The SMG preprocessor may be invoked with no arguments or with the “ -h ” flag to obtain explicit usage information.

5.1 SMG Command Line Arguments

The following describes the command line arguments for SMG in more explicit detail than than provided by run-time help.

Displays the usage/help information. Usually displayed on a command-line parsing error as well.
Passes all generated .c and .h files through the indent program to improve readability. The current user environment provides the appropriate input to indent; no indent parameters are passed on the command line used to invoke indent. The indent application must be present in the current PATH. Note that some indent operations may cause the line numbers reported during compilation to be skewed; in particular, the -cdb (GNU indent) option is evil.
Verbose output. Enables various informational and progress messages. If verbose output is not enabled, the SMG preprocessor will not generate any messages to stdout.
Defer tagged code event generation. As described above, a TRANS directive may specify one or more tags identifying code that is to be generated for handling that event, and that code may contain keywords of the type “_#<event>” or “_/<event>” where <event> is a valid event for this state machine. Normally, the keyword will be directly replaced with appropriate code to generate the specified event, but if the -D flag is used, the code to generate the event will be placed at the end of the TRANS code segments.
Nested switch statements for state machine handling. When an event occurs, there are two elements which are used to determine the appropriate handling of that event: the event code itself and the current state. By default, these two values are combined and a singe C switch/case statement is generated to dispatch to the appropriate handling. When the -N flag is utilized, one C switch/case statement is used to scan for the current state, and then within the case handling for that state, another C switch/case statement is used to scan for the event_code.
Trace code output. When this flag is specified, state machine trace operations are embedded in the generated code. This is typically used for debugging and may or may not be specified for “production” versions of the code. More information on tracing is provided in Section 5.3.
Enum declarations. By default, the XXX_smdefs.h file generated uses #define statements for states and events. When the -e flag is specified, enum statements are generated instead.
Bounds checking. Adds code to the state machine event handler to validate the event value for validity as an actual event code.
Suppress #line directives. By default, the generated code contains “#line” C precompiler directives that reference the input SMG file. This greatly aids in debugging as the compilation stage will usually reference the correct location in the input SMG file rather than the generated (and therefore somewhat unfamiliar) C file. By specifying the -l flag, these directives are suppressed and any C compiler messages will refer to the .c file instead; this may be useful for debugging errors that are not apparent in the SMG input file directly.
GIF diagram output format. Specifies that the state machine diagram that is generated is to be encoded in GIF format.
Postscript diagram output format. Specifies that the state machine diagram that is generated is to be encoded in Postscript format. This is the default.
MIF diagram output format. Specifies that the state machine diagram that is generated is to be encoded in MIF format (Adobe FrameMaker’s Interchange Format).
Web imap diagram output format. Specifes that the state machine diagram that is generated is to be encoded as an html image map suitable for use on a Web page.

5.2 Support Functions

The SMG utility will automatically generate a set of support functions in addition to the primary <name>_State_Machine_Init and <name>_State_Machine_Eventfunctions. These supportfunctions may be used by the user’s event-specific code or other code to obtain user-readable names and descriptions of the States and Events defined in the .sm file.
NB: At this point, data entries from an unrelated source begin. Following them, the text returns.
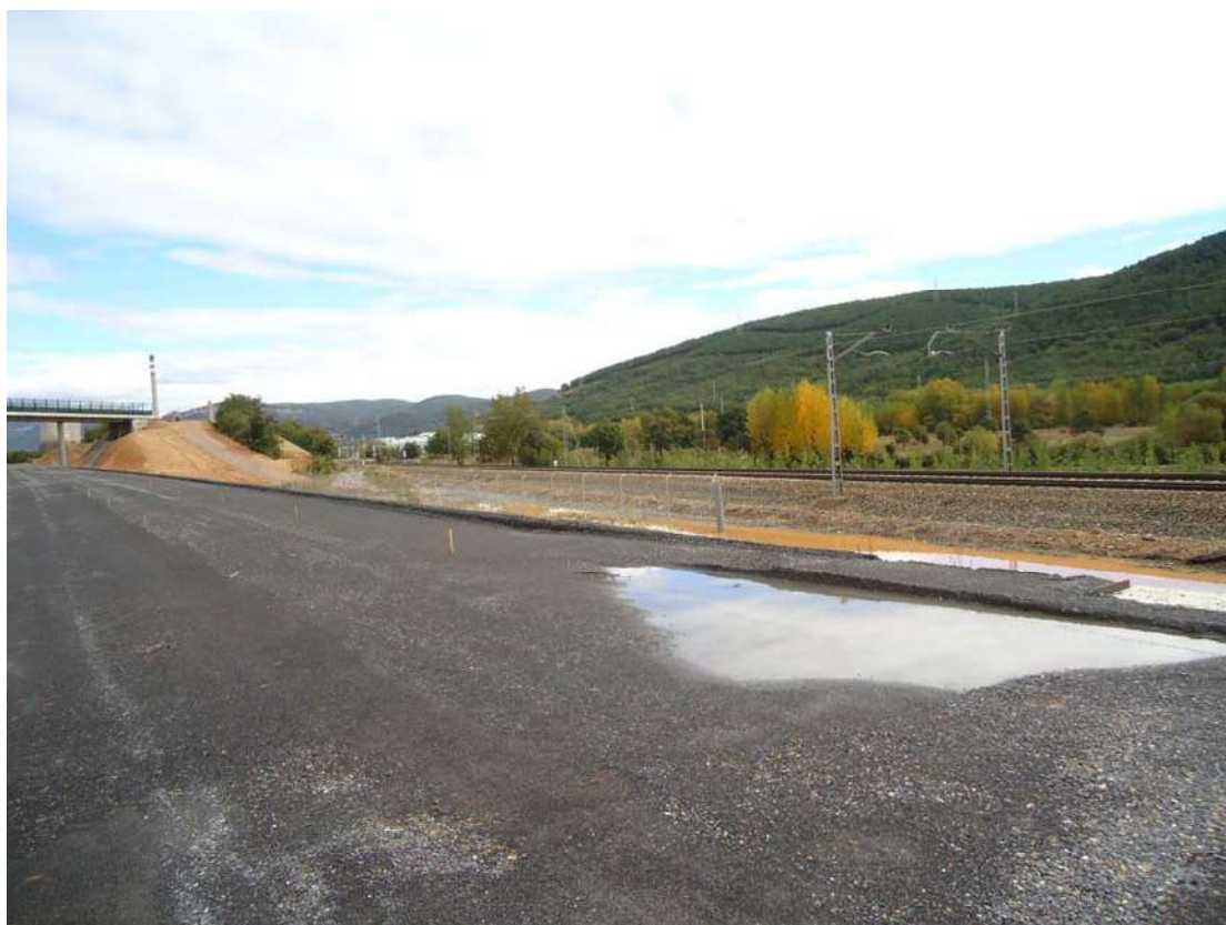
Foto 6. Trazado del AVE y de la RENFE. El Crispin, La Robla.
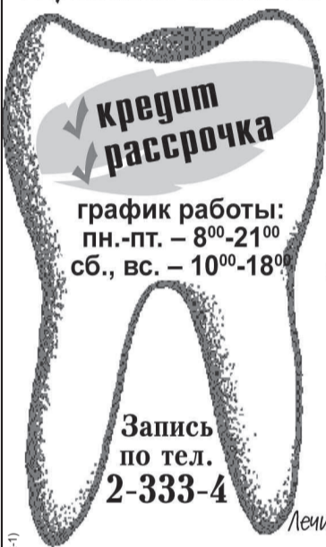
график работы: пн.-пт. – 8 00 -21 00 сб., вс. – 10 00 -18 00
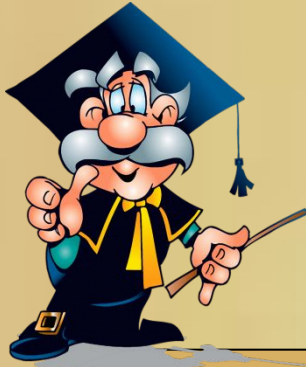
Схема предложения строится следующим образом:
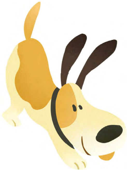
Illustration copyright © 2005 by Noah Z. Jones.
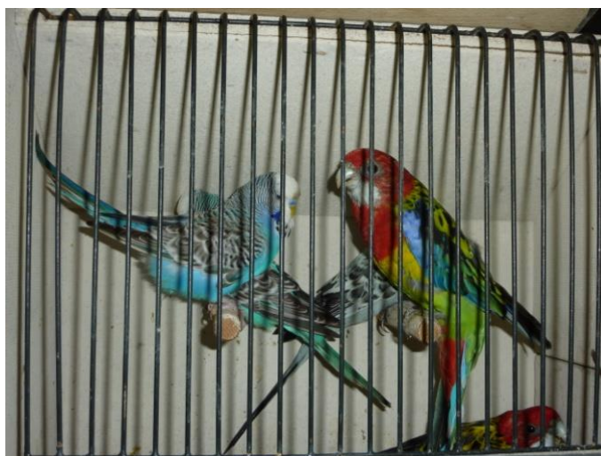
Expozice okrasného ptactva
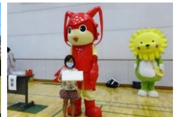
大盛り上がりの抽選会
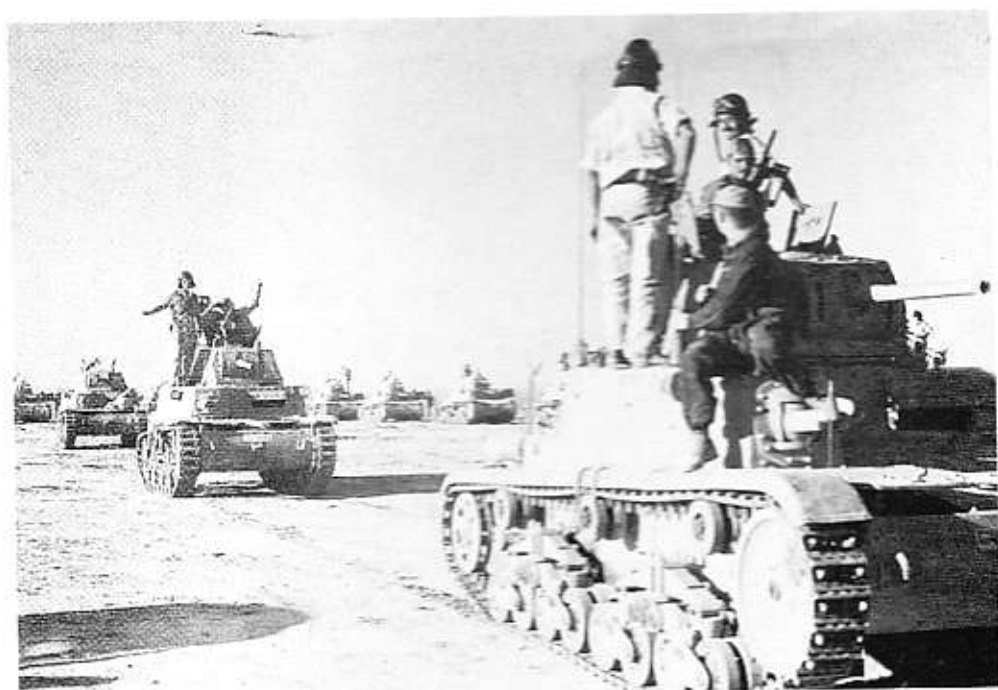
M14 della divisione Ariete dislocati nella zona di El Alamein

The following support functions (defined in Figure 3) are generated automatically by SMG:

 char *<name>_State_Name(<name>_state_t state);
 char *<name>_State_Desc(<name>_state_t state);
 char *<name>_Event_Name(<name>_event_t event);
 char *<name>_Event_Desc(<name)_event_t event);

Figure 3: SMG Auto-generated Support Functions

This function converts its state value argument into a character string name for that state.
This function converts its state value argument into a character string description for that state.
This function converts its event value argument into a character string name for that event.
This function converts its event value argument into a character string description for that event.

5.3 Run-Time Tracing

When the SMG utility is invoked with the -T argument, the generated SMG code contains run-time tracing output. By default, this tracing output causes information to be printed to stderr regarding the various events and state changes that occur when the SMG-generated state machine operates.

Some environments do not provide fprintf access to a stderr output stream, and other situations might desire custom control over the tracing output. These scenarios can be handled by overriding the default tracing code generated. The overrides are specified in the form of a set of #define statements in the .sm file. These #define statements should appear fairly early in the .sm file, and must appear before the inclusion of the xxx_smdefs.h file.

The following macros should be overridden with specific #define statements to modify the tracing behavior:

This macro should be defined to signal an override of the default tracing functionality generated by SMG. This macro does not need to be set to a specific value or translation: it simply needs to be defined.
This macro is called when the state machine is initialized. This macro can be used to trace the initialization event and the initial state of the state machine. The parameters for this macro are:
The _/OBJ variable for the state machine context. (Type: declared by the SM_OBJ directive).
The _/EVT variable for this event. (Type: declared by the SM_EVT directive).
The SM_NAME of the state machine. (Type: char *).
The initial state value. The <name>_State_Name and <name>_State_Desc support functions may be called to translate the state value into an identifying string and corresponding description if desired. (Type: <name>_state_t)
This macro is called when an event occurs. This macro should identify the event which occurred and the new state of the State Machine. The parameters for this macro are:
The _/OBJ variable for the state machine context. (Type: declared by the SM_OBJ directive).
The _/EVT variable for this event. (Type: declared by the SM_EVT directive).
The SM_NAME of the state machine. (Type: char *).
The event value. The <name>_Event_Name and <name>_Event_Desc support functions may be called to translate the event value into an identifying string and corresponding description if desired. The new state value is available from _/OBJ->sm_state and it may likewise be converted to readble strings by the corresponding support functions. (Type: <name>_event_t)
This macro is called when an expected event occurs (i.e. an event transition declared with a TRANS= directive). This macro is otherwise identical to the SM_TRACE_EVENT macro, including the arguments, but this macro may wish to differentiate the occurrence of an expected event from the occurence of a normal event in the generated trace output.

6 SMG Libraries

An interesting and useful extension of SMG usage is as a new method for defining interface libraries, especially for asynchronous event-driven interfaces. SMG features that make it very useful in working with event-driven architectures. Event-driven architectures are often asynchronous by nature and lend themselves to state machine management techniques, but SMG has the ability to specify entry points and setup code for those asynchronous entry points as an SMG Library that can be included into the applications SMG specification using the SM_INCL directive.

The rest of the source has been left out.